(Items listed in a dataset)
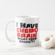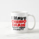 Dold black and red text: "Jag har Chemo Brain; What's Your Ursäkta?", perfekt för alla som kämpar mot någon typ av cancer med kemoterapibehandlingar.
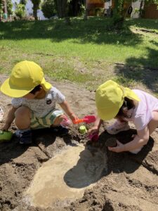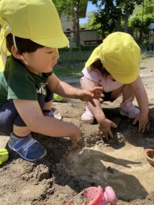 砂遊びが大好きな子どもたち。
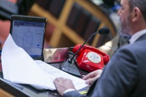 Ao fazer a leitura da representação contra o governador na manhã de quinta-feira, o deputado Laércio Schuster ao lado do telefone vermelho que se tornou símbolo de ironia entre a comunicação do governo com deputados. O aparelho está na Alesc desde maio, quando governador ofereceu um canal, por telefone, para diálogo com o legislativo.
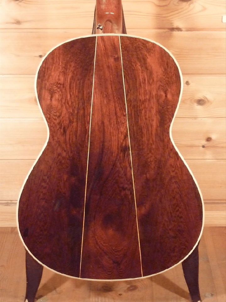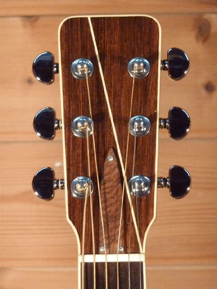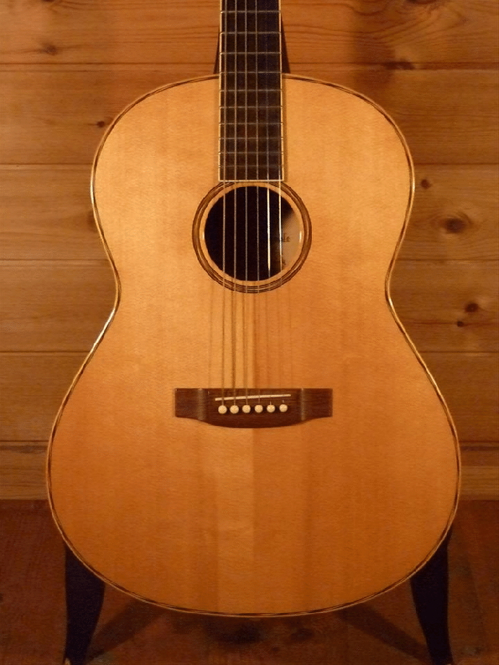 Martin00程度の小ぶりなボディシェイプでかわいいルックスですが、深みのある鳴りが堪能できるすばらしいギターです。
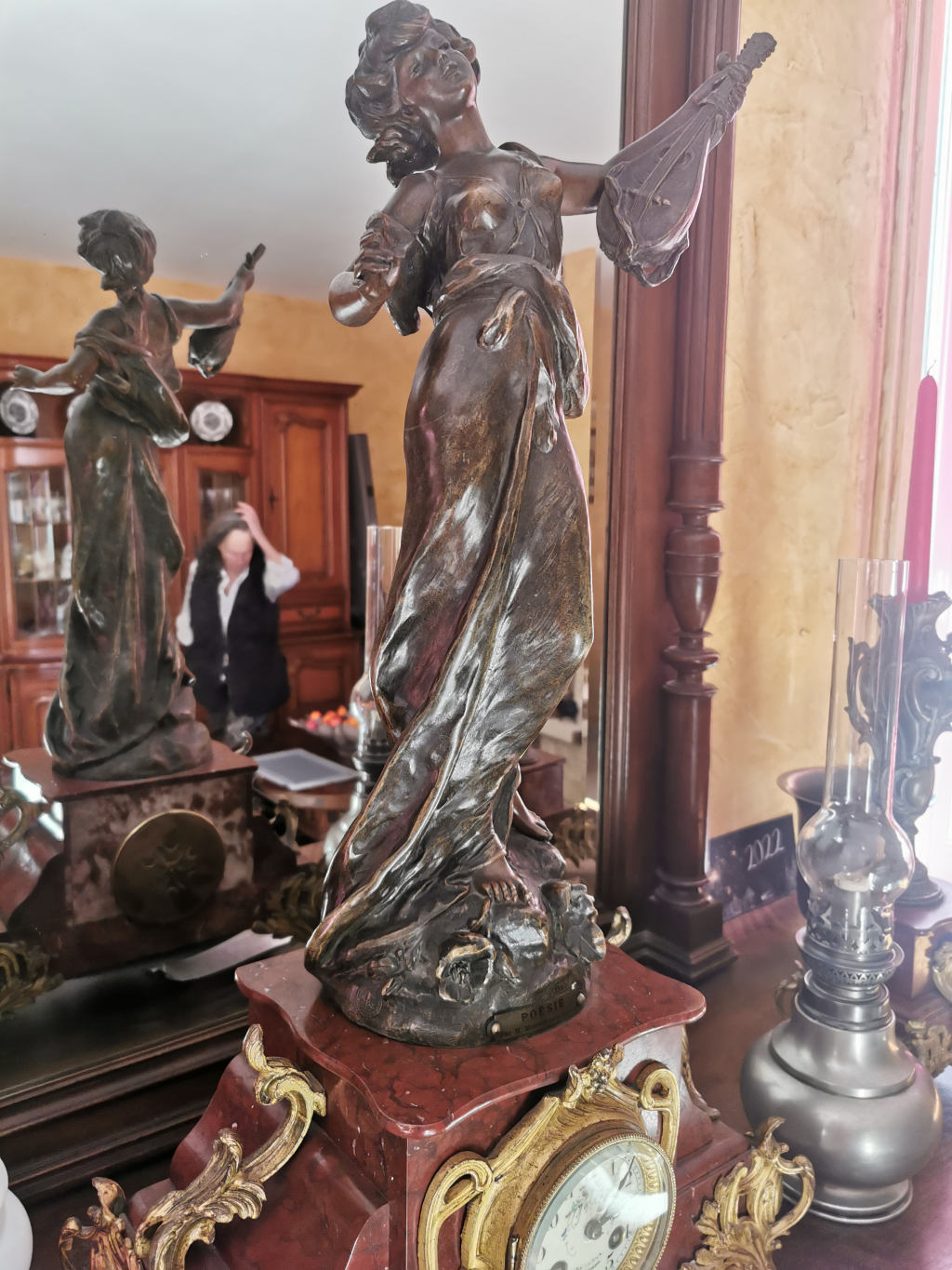 "Représentation de femme à la mandoline. Plus 2 chandeliers"
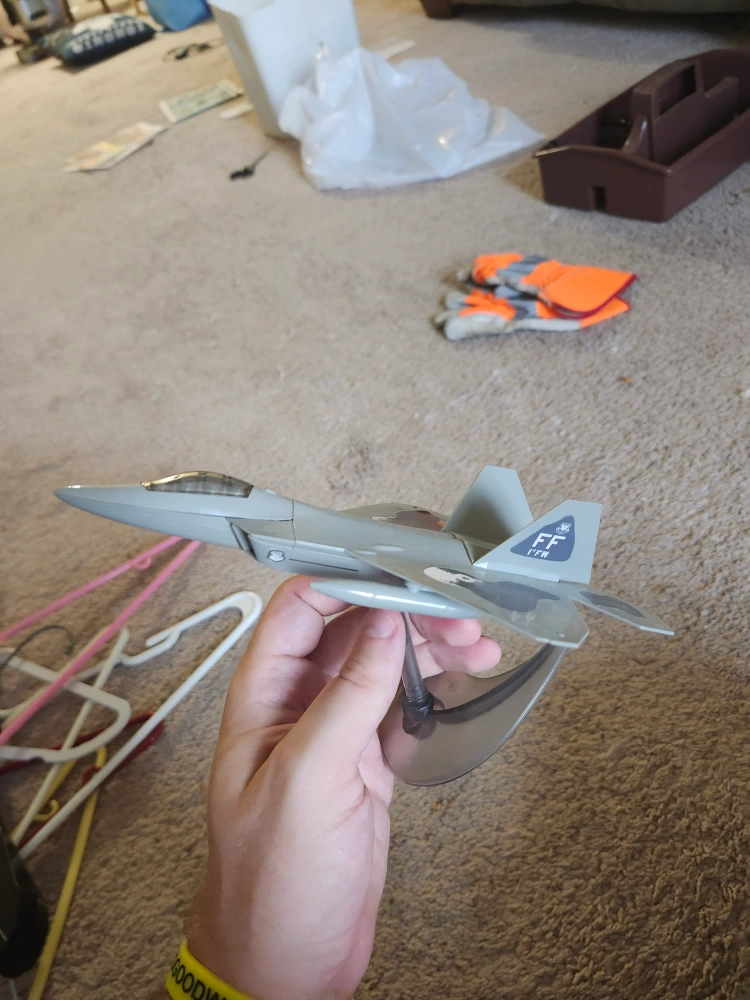 Selling an F-22 Raptor model plane! It's in great shape and comes with a display stand. Perfect for aviation enthusiasts or as a cool desk ornament
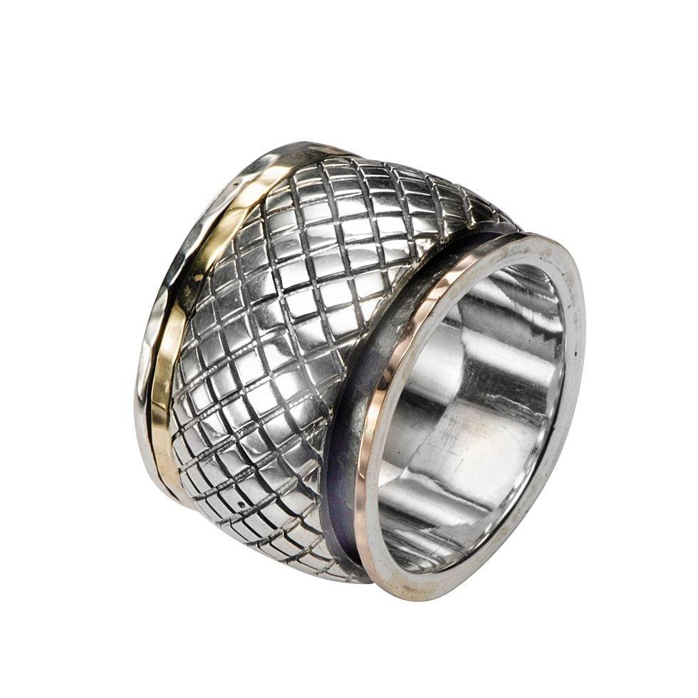 This commanding wide-band ring is an architectural study in tactile elegance and dynamic movement. The centerpiece is a broad, textured band of polished sterling silver intricately engraved with a dense, classic diamond-patterned mesh, reminiscent of antique chainmail. This substantial central element is designed to spin freely, providing a satisfying, kinetic counterpoint to the ring's solid structure. The design is framed by thinner, non-spinning borders, including a subtle band of warm 9k gold that adds a luxurious accent to the silver's cool brilliance. Bold and sophisticated, this ring is a captivating statement piece.

* [REQUIRED WORK] Every line from the one that holds "Ao fazer a leitura" to the last line of the records above goes into the answer, exactly as written; nothing else does, and no picture does either.

* [EXERCISE OUTPUT]
 Ao fazer a leitura da representação contra o governador na manhã de quinta-feira, o deputado Laércio Schuster ao lado do telefone vermelho que se tornou símbolo de ironia entre a comunicação do governo com deputados. O aparelho está na Alesc desde maio, quando governador ofereceu um canal, por telefone, para diálogo com o legislativo.
 Martin00程度の小ぶりなボディシェイプでかわいいルックスですが、深みのある鳴りが堪能できるすばらしいギターです。
 "Représentation de femme à la mandoline. Plus 2 chandeliers"
 Selling an F-22 Raptor model plane! It's in great shape and comes with a display stand. Perfect for aviation enthusiasts or as a cool desk ornament
 This commanding wide-band ring is an architectural study in tactile elegance and dynamic movement. The centerpiece is a broad, textured band of polished sterling silver intricately engraved with a dense, classic diamond-patterned mesh, reminiscent of antique chainmail. This substantial central element is designed to spin freely, providing a satisfying, kinetic counterpoint to the ring's solid structure. The design is framed by thinner, non-spinning borders, including a subtle band of warm 9k gold that adds a luxurious accent to the silver's cool brilliance. Bold and sophisticated, this ring is a captivating statement piece.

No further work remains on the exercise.